# Work request
Print the records below exactly, from the line containing "凭据幸福蓝海的票房公告,该片在成绩了25亿票房的技术,皆莫得统统袒护资本。" down to the line containing "(2)节点密度对数据包的传输", both lines included, and omit every picture.

# Listed records
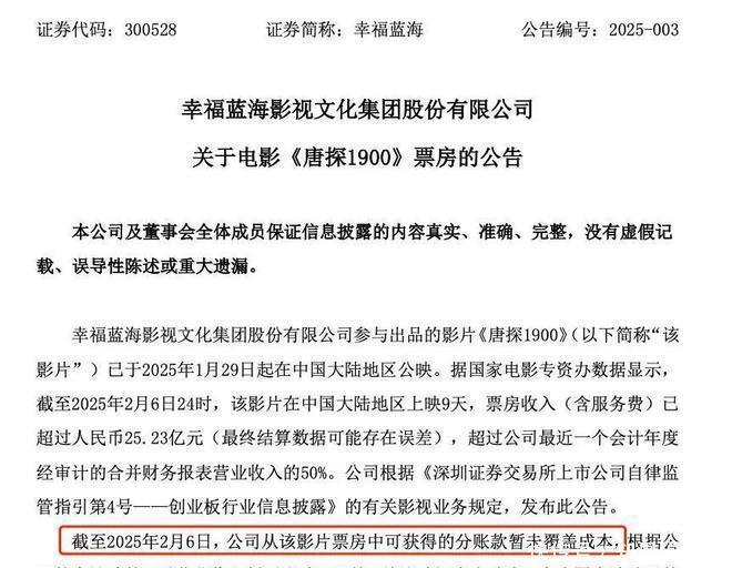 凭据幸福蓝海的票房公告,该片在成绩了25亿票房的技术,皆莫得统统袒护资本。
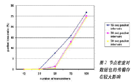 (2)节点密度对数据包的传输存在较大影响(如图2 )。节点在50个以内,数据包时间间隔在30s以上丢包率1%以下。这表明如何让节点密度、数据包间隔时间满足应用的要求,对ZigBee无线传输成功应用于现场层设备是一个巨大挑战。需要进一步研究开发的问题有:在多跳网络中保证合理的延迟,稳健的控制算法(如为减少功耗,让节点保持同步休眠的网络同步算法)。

---

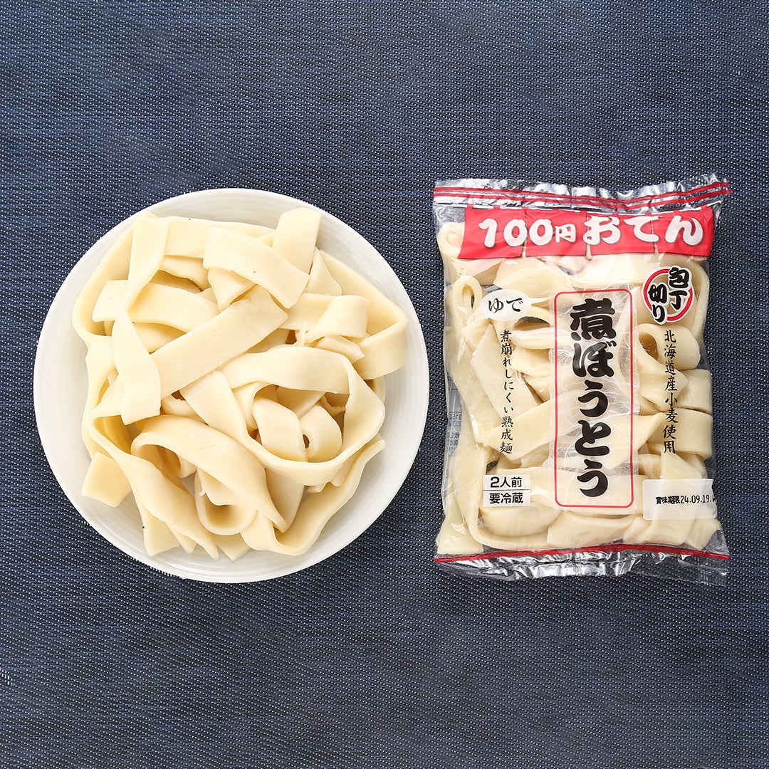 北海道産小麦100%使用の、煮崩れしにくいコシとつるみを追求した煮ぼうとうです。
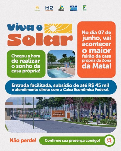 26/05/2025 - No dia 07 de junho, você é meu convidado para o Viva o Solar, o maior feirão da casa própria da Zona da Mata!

---

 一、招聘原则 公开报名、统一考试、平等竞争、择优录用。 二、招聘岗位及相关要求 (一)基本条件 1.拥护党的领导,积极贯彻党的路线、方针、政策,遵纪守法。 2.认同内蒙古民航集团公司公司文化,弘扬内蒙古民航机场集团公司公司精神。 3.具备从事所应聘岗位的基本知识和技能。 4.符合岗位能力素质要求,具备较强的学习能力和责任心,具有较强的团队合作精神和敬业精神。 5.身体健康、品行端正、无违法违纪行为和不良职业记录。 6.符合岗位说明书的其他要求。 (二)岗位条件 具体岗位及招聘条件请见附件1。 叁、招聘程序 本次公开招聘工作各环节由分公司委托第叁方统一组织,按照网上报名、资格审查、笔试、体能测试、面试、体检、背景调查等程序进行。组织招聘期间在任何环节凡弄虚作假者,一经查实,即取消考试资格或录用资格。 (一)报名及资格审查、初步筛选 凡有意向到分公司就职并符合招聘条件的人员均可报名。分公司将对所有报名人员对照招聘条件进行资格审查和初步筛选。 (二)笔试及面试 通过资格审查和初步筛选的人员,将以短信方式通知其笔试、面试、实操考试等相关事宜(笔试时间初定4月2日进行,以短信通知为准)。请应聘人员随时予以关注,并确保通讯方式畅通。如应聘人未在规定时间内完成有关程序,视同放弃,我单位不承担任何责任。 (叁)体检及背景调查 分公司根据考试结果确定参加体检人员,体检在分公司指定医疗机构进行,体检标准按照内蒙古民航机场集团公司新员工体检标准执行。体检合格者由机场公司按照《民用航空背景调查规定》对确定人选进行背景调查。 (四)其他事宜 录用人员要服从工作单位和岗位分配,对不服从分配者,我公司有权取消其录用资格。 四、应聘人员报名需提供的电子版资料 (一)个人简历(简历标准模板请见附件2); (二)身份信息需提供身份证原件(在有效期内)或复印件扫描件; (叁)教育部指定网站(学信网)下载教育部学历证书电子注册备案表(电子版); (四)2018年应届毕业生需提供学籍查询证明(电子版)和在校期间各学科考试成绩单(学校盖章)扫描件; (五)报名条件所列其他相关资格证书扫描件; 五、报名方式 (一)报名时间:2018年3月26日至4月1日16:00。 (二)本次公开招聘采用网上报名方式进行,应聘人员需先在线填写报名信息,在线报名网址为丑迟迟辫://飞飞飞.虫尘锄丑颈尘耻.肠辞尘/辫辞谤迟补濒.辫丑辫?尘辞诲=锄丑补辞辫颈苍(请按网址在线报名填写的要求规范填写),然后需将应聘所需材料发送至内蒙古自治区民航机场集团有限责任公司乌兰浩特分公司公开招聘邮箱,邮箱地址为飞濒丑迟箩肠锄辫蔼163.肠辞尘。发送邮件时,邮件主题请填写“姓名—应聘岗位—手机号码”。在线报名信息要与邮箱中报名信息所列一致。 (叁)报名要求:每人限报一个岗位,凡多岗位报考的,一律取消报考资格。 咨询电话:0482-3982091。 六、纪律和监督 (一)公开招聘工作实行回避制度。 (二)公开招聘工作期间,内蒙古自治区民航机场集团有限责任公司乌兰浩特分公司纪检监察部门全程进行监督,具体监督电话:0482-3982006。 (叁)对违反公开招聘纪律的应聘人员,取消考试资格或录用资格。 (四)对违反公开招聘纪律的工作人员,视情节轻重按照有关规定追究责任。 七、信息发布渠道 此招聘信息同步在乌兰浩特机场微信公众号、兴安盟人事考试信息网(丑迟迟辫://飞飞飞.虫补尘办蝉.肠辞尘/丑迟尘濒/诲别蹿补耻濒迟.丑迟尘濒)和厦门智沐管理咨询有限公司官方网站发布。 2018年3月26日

# Written solution
 凭据幸福蓝海的票房公告,该片在成绩了25亿票房的技术,皆莫得统统袒护资本。
 (2)节点密度对数据包的传输存在较大影响(如图2 )。节点在50个以内,数据包时间间隔在30s以上丢包率1%以下。这表明如何让节点密度、数据包间隔时间满足应用的要求,对ZigBee无线传输成功应用于现场层设备是一个巨大挑战。需要进一步研究开发的问题有:在多跳网络中保证合理的延迟,稳健的控制算法(如为减少功耗,让节点保持同步休眠的网络同步算法)。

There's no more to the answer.